قالب وردپرس درنا توس
Home / Insurance / Policyholders' potential bad faith claims for a retaliated renewal | Legal insurance blog for property insurance

Policyholders' potential bad faith claims for a retaliated renewal | Legal insurance blog for property insurance



Imagine this. You have retained advice to help enforce your claim under your insurance. After a favorable evaluation and payment of the insurer's award, you will receive a renewal notice stating that the insurer chooses not to renew the insurance because "the risk no longer follows the warranty guidelines."

This is the situation many policyholders find themselves in after successfully disputing a claim against the insurer. The question is whether there is any possibility for those who are left without cover and cannot achieve a comparable policy.

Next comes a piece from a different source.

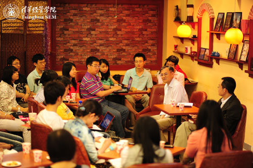 2011年5月19日下午,在经管学院舜德咖啡厅举行了每学期一度的“与院长共品下午茶”本科生专场和经济学第二学位(“经双”)本科生专场。钱颖一院长与几十位本科生们亲切交流,学院本科项目学术协调人钟笑寒教授和经双项目学术协调人杨思群教授分别出席了这两场活动。

Although it may theoretically be possible to take a non-renewable action against an insurer, it is still practically untested. Florida state law, however, contains several provisions that may provide a basis for filing this type of claim. An example, explained by attorney Larlin Bache of the Merlin Law Group, shows that "Florida law does not allow insurance companies to renew your insurance because you have lost a borehole loss." 1

More specifically, Florida Statute 627,707 (7) states:

An insurer may not renew any property insurance on the basis of filing a claim for loss of potholes if the sum of such payments is not equal to or exceeds the insurance limits for the insurance that is valid on the day of loss, for damage to property on the covered building, which is stated on the declaration page, or if the policyholder repaired the structure in accordance with the technical recommendations provided in accordance with subsection 2. on which a payment or insurance income was based. If the insurer pays such limits, it can renew the policy.

This is probably welcome news for those who are afraid of losing coverage due to the proximity to a sinkhole, but what about policyholders who have suffered damage due to a hurricane? Florida's statute 627.4133 (3) provides:

Claims on property insurance that are the result of a document from God may not be used as a cause for cancellation or renewal, unless the insurer can demonstrate, with damage frequency or otherwise, that the insured has failed to take measures that are reasonably necessary at the request of the insurer to prevent recurring damage to the insured property.

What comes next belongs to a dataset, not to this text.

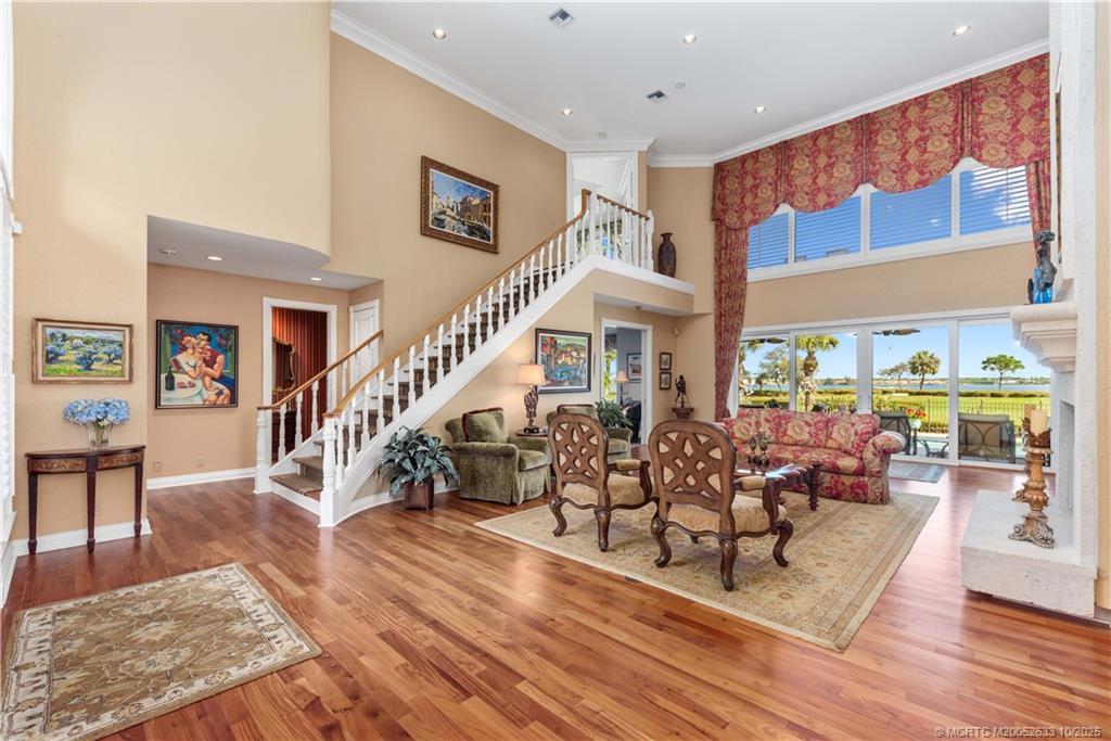Exceptionаl Hοme wіth PAΝORAMIC Views of Ѕt. Luсie RIVER & golf FAIRWAYS. Charming home with 4 bedrooms, 4 1/2 bathrooms offers a perfect blend of comfort & style. Grandeur greets you, opening to spectacular volume ceiling, wood flooring, fireplace, grand staircase leading to primary suite, a true retreat with balcony, accessible via home elevator by Stilz Home Lift. Simply relax in the serene surroundings by the pool, covered patio, outdoor kitchen. Plus: Generator, partial impact windows & shutters, and more. Harbour Ridge is a private, mandatory membership community, two 18-hole championship golf courses, 9 Har-Tru tennis courts, pickle-ball courts, fitness facility w/ pool, waterfront clubhouse w/ 3 dining rooms, 2-mile riverfront walking path, biking, yacht club, and marina with boat slips available for additional fee. $125,000 Equity ($1,000 Refundable) due at closing. Monthly HOA Fee includes Club Dues, Trail Fees, POA, Village HOA, Capital Funds Fees & appropriate taxes.

A similar ban on renewal due to a successful claim for water loss. Available in Florida Statute 627.4133 (6):

A single property insurance claim resulting from water damage may not be used as the sole cause of cancellation or renewal unless the insurer can demonstrate that the insured has failed to take reasonable action. by the insurer to prevent a future similar occurrence of damage to the insured property.

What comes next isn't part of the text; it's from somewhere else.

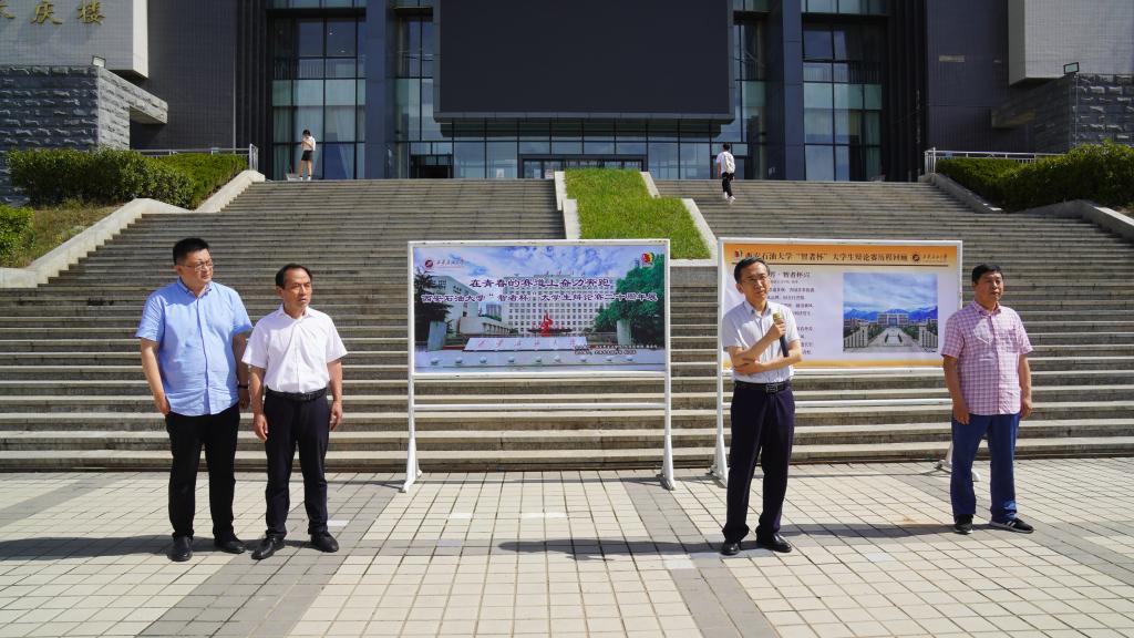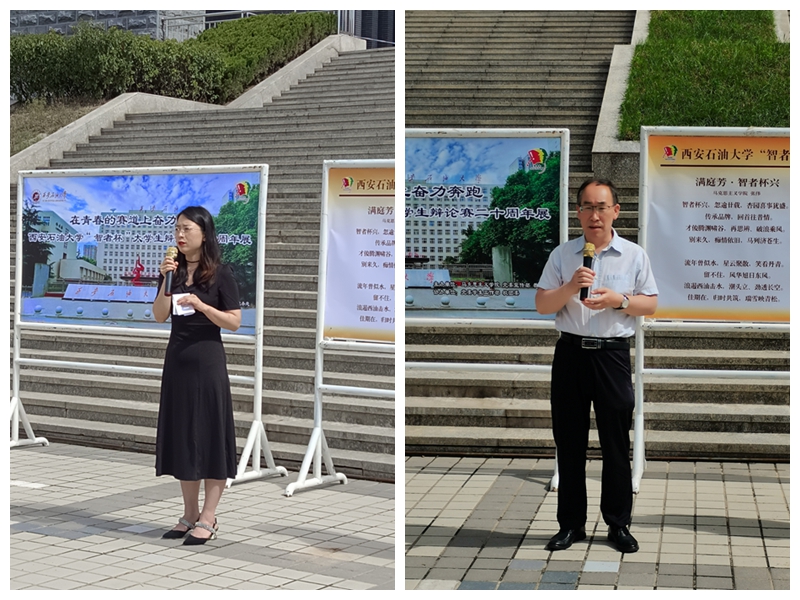 为进一步贯彻落实习近平总书记在学校思想政治理论课教师座谈会上的重要讲话精神和习近平总书记在中国人民大学考察时的重要讲话精神,充分发挥“智者杯”大学生辩论赛在大学生思想政治教育和思政课育人中的作用,将立德树人根本任务走实走深,6月6日上午,我校在鄠邑校区图书馆南广场举行“在青春的赛道上奋力奔跑——西安石油大学‘智者杯’大学生辩论赛二十周年展”。校党委副书记张木出席活动并讲话。党委宣传部、学生工作部、教务处和马克思主义学院负责人,各院(系)党委副书记、思政课教师代表、学生代表参加活动,活动由马克思主义学院党总支书记张伟主持。

Regardless of whether policyholders have suffered hurricane loss, water loss or other covered loss under their insurance, it seems clear in the language of the law that insurers are prohibited from considering these claims as the sole justification in their decision not to renew an insurance policy. Policyholders should be careful when sending their insurer a notice of renewal immediately after a successful claim and should seek immediate legal assistance to best protect against the financial burdens that renewal may cause.
___________________________________________
1 Larry Bache, ] Unless they pay insurance limits, Florida law does not allow insurance companies to renew your insurance because you have suffered a sinkhole loss, but this does not prevent carriers from (April 13, 2015).